By the time Shawn walks in a little hunched, his head slightly lowered and before he even utters a word, I sob uncontrollably. He doesn’t talk about what happened to him, but I know… I just know. I didn’t have to ask the question or hear the answer to know that Shawn’s real story was a horror story. The way he sat forward in his seat, with a defensive edge, the warning and fear in his eyes that said, don’t ask, please don’t ask.
The thought of this boy with this man for all those years with complete access to him any time he wanted made the tears flow harder and the ache stronger. My heart ached in a way that I had not allowed it to ache for me. I ached for the easy access my own molesters had to my young body. I ached for the little girl I could have been. I ached for the eleven year old Shawn and the eleven year old me, both skinny and vulnerable, easily manipulated through words, overpowered and silenced by shame and fear.
For most of my life, I was numb to my emotions when it came to the men who violated me as a child. As I watch the interview, I begin to feel an intense anger toward the alleged perpetrator. The word bastard escapes my lips, a word I have never used when referring to my own molesters. In that moment of intense emotion I rage against the man who took Shawn’s freedom and the men who took mine. Shawn’s story allows me to experience the anger and rage that was within me all along. In these intense moments, I rage against the men whose actions created the lies of my insignificance and unworthiness. I rage over the injustice of my own stolen innocence and over the power taken from me in those moments of perversion and the years of powerlessness afterward.

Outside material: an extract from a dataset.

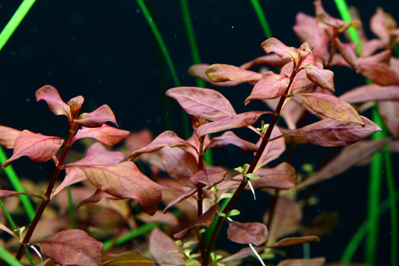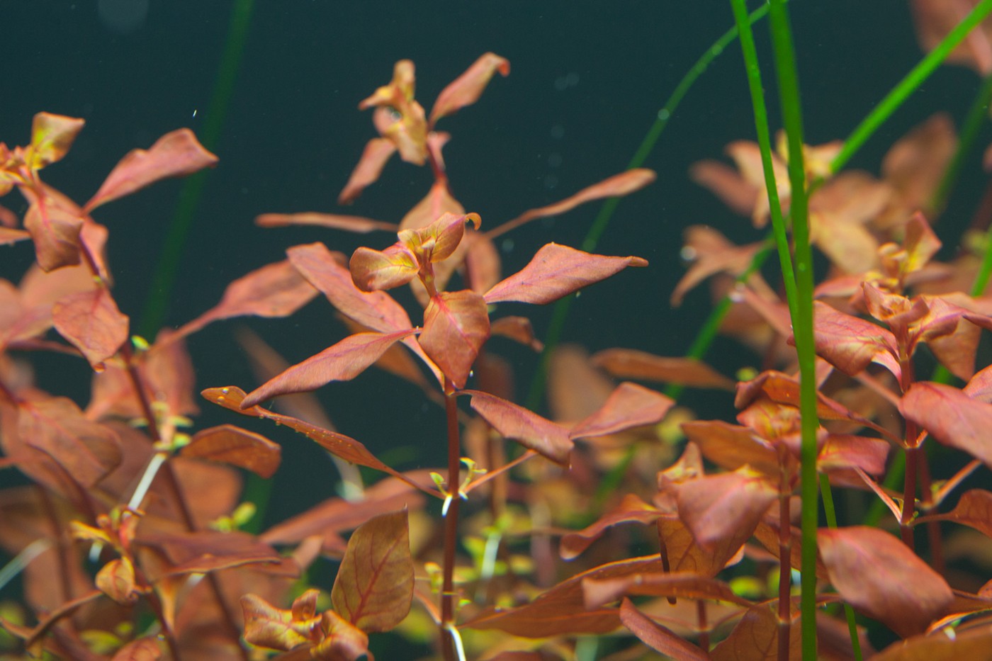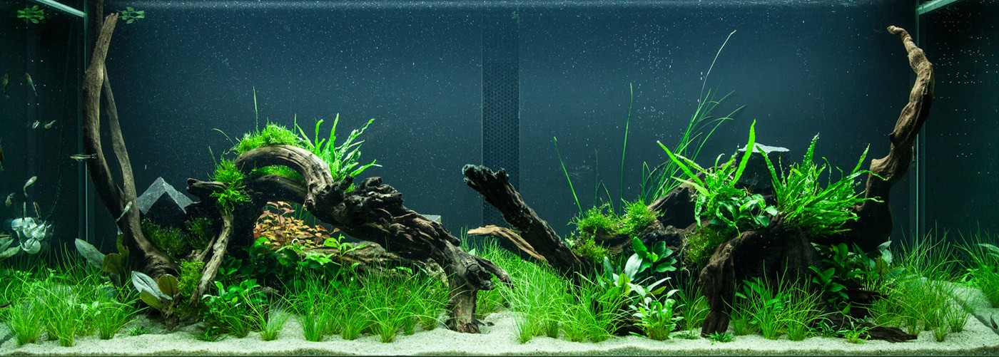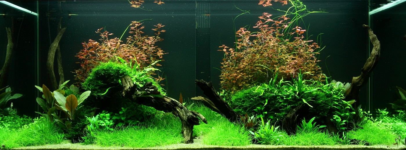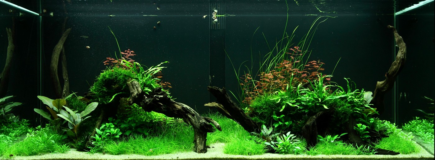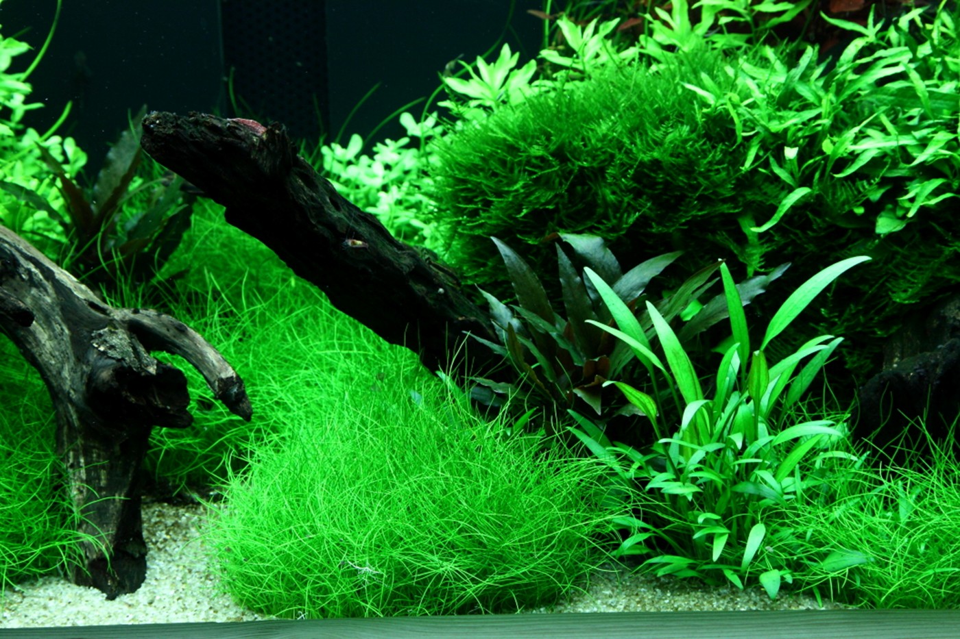 Ferns and mosses fight about the space around the tree roots, while Eleocharis and Cryptocorynes do the same underneath them and Ludwigia and Vallisneria behind them.

I rage against the question asked of me by some of my own family members: “why didn’t you say anything?” I raged against the injustice of it all, against the society that still didn’t get it, that still didn’t truly understand what it means to be sexually violated and the psychological prison such violations create. I raged at a society that would even ask a 15 year old boy who was kidnapped at 11 and who most likely was repeatedly violated in more ways than we can imagine, “why didn’t you come home?”
Much of what I could not feel for my own molesters and for myself, I was feeling for Shawn and his perpetrator. I needed to FEEL for someone else in order to FEEL for me. This process was not about self pity, but experiencing the anger over the lack of understanding, the hopelessness and powerlessness I felt when there was no one to turn to, the rage against my abusers and the heart wrenching sadness for the broken child I once was. Even though my wish is that there never was a story for Shawn to tell, I am grateful for him. Through him I was able to heal parts of me that I could not heal on my own.
Today, Shawn Horneck was able to tell his parents what happened to him and he is doing very well. And I am immensely grateful to him.